## To do
Please, could you print all the lines below exactly, leaving out the pictures?
[Opening Recorded data section]
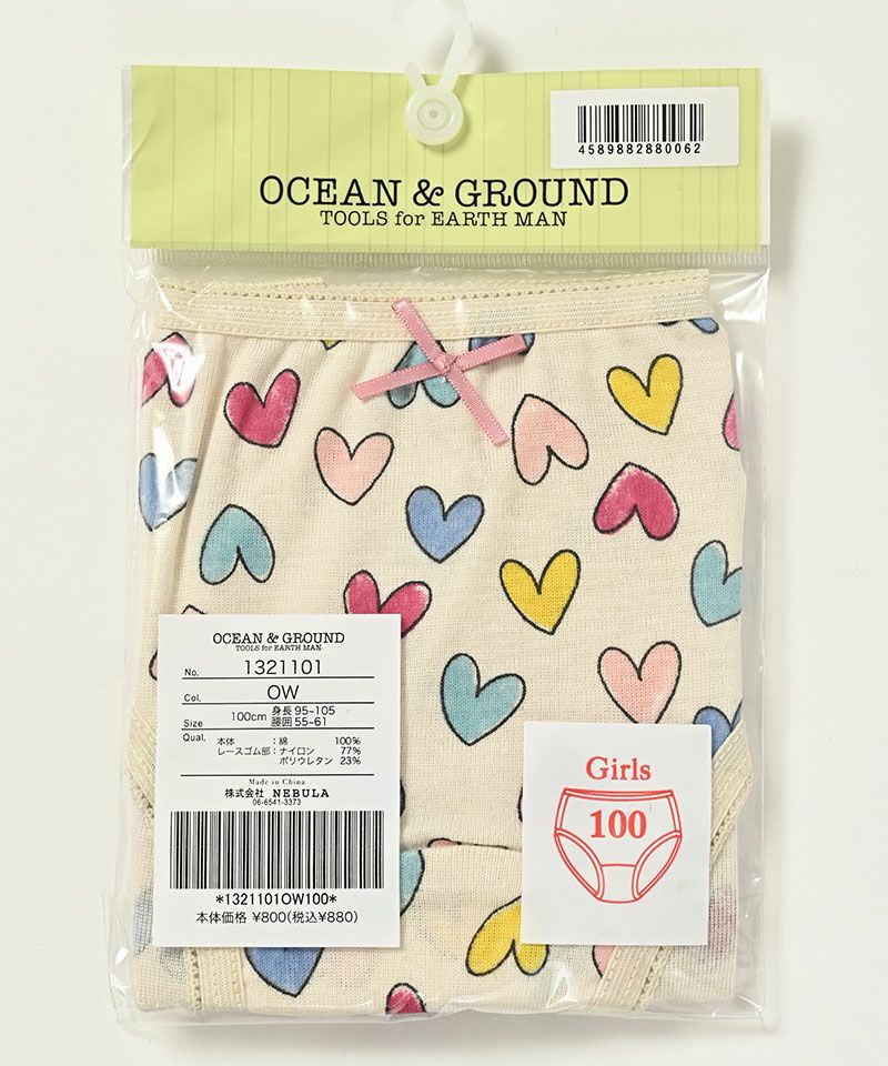 ウエストゴムの配色もポイントになり、OCEAN&GROUND オリジナル柄プリントが映えて、お着替えも楽しくなっちゃう♪
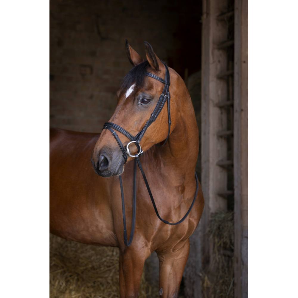 Bridon en cuir aniline. Têtière, frontal et muserolle doublés en clarino microfibre. Insert brillant en P.V.C. sur le frontal et la muserolle. Rênes caoutchouc, intérieur de la main de rênes en nylon de 2 millimètres d’épaisseur. Bouclerie inox.
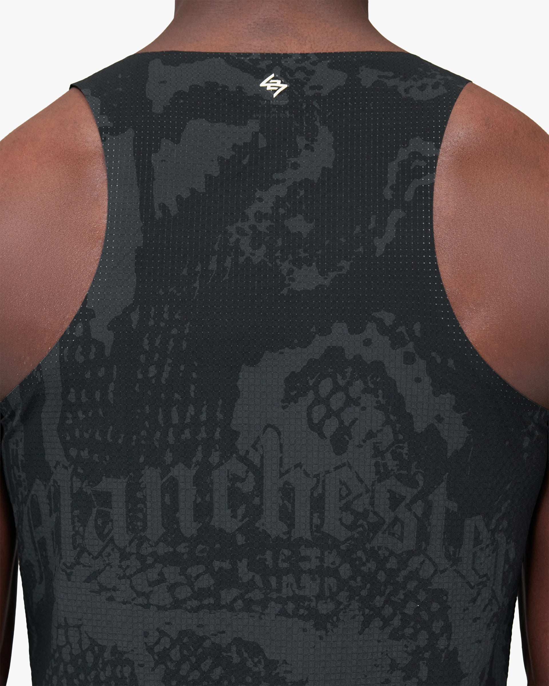 Introducing the 247 Manchester Singlet in Aged Black. Designed for race day performance, this lightweight singlet features a racerback silhouette for unrestricted arm movement and a tonal printed finish across the full construction. A mesh back panel enhances ventilation during high-intensity efforts, while bonded seams deliver a smooth, chafe-free fit from the start line to the finish.
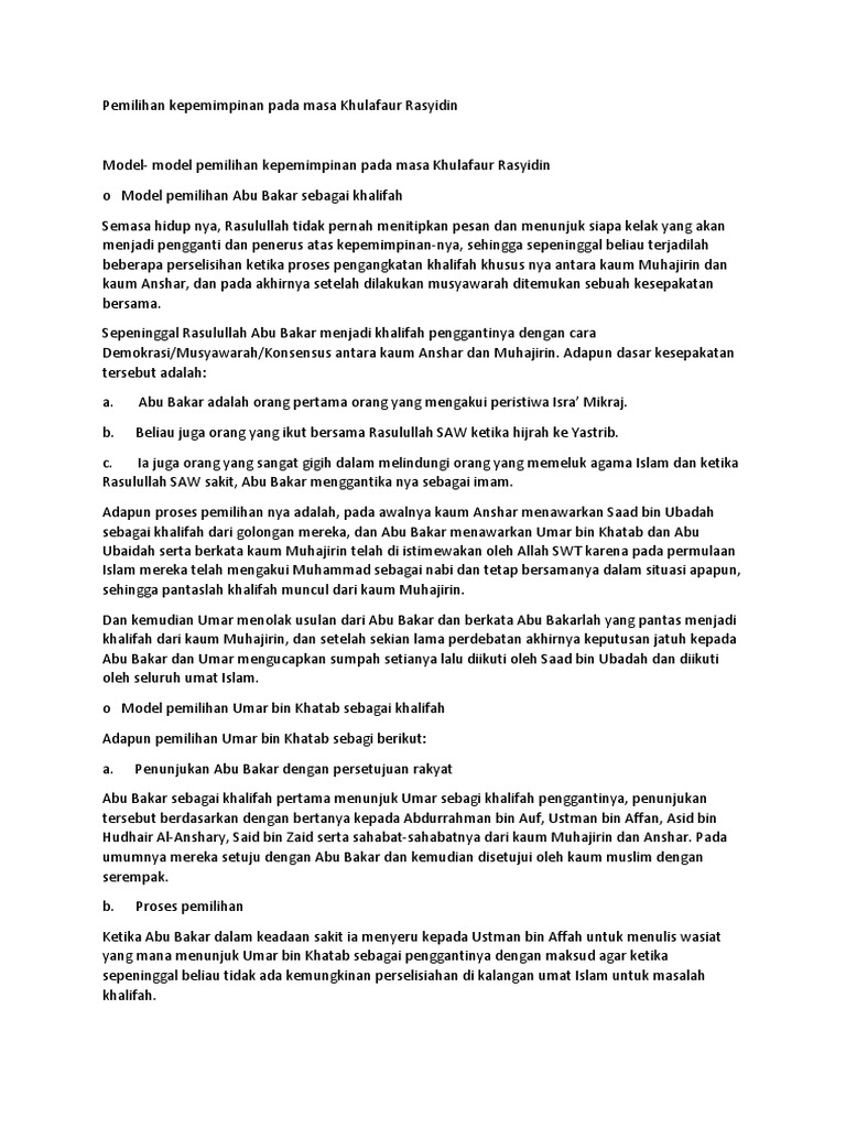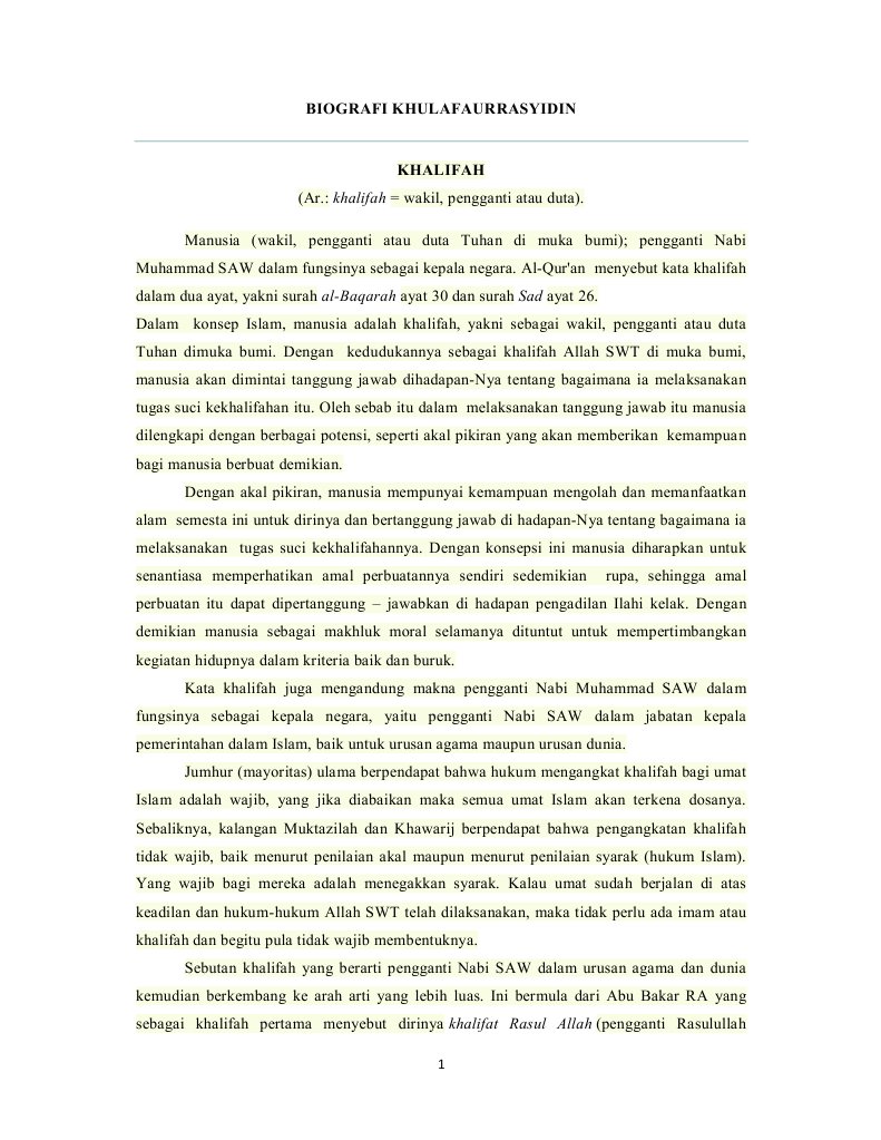 DOC) SEJARAH SINGKAT KHULAFAUR RASYIDIN | Muhammad Hasbi - Academia.edu
[Closing Recorded data section]
## Solution to the problem
 ウエストゴムの配色もポイントになり、OCEAN&GROUND オリジナル柄プリントが映えて、お着替えも楽しくなっちゃう♪
 Bridon en cuir aniline. Têtière, frontal et muserolle doublés en clarino microfibre. Insert brillant en P.V.C. sur le frontal et la muserolle. Rênes caoutchouc, intérieur de la main de rênes en nylon de 2 millimètres d’épaisseur. Bouclerie inox.
 Introducing the 247 Manchester Singlet in Aged Black. Designed for race day performance, this lightweight singlet features a racerback silhouette for unrestricted arm movement and a tonal printed finish across the full construction. A mesh back panel enhances ventilation during high-intensity efforts, while bonded seams deliver a smooth, chafe-free fit from the start line to the finish.
 DOC) SEJARAH SINGKAT KHULAFAUR RASYIDIN | Muhammad Hasbi - Academia.edu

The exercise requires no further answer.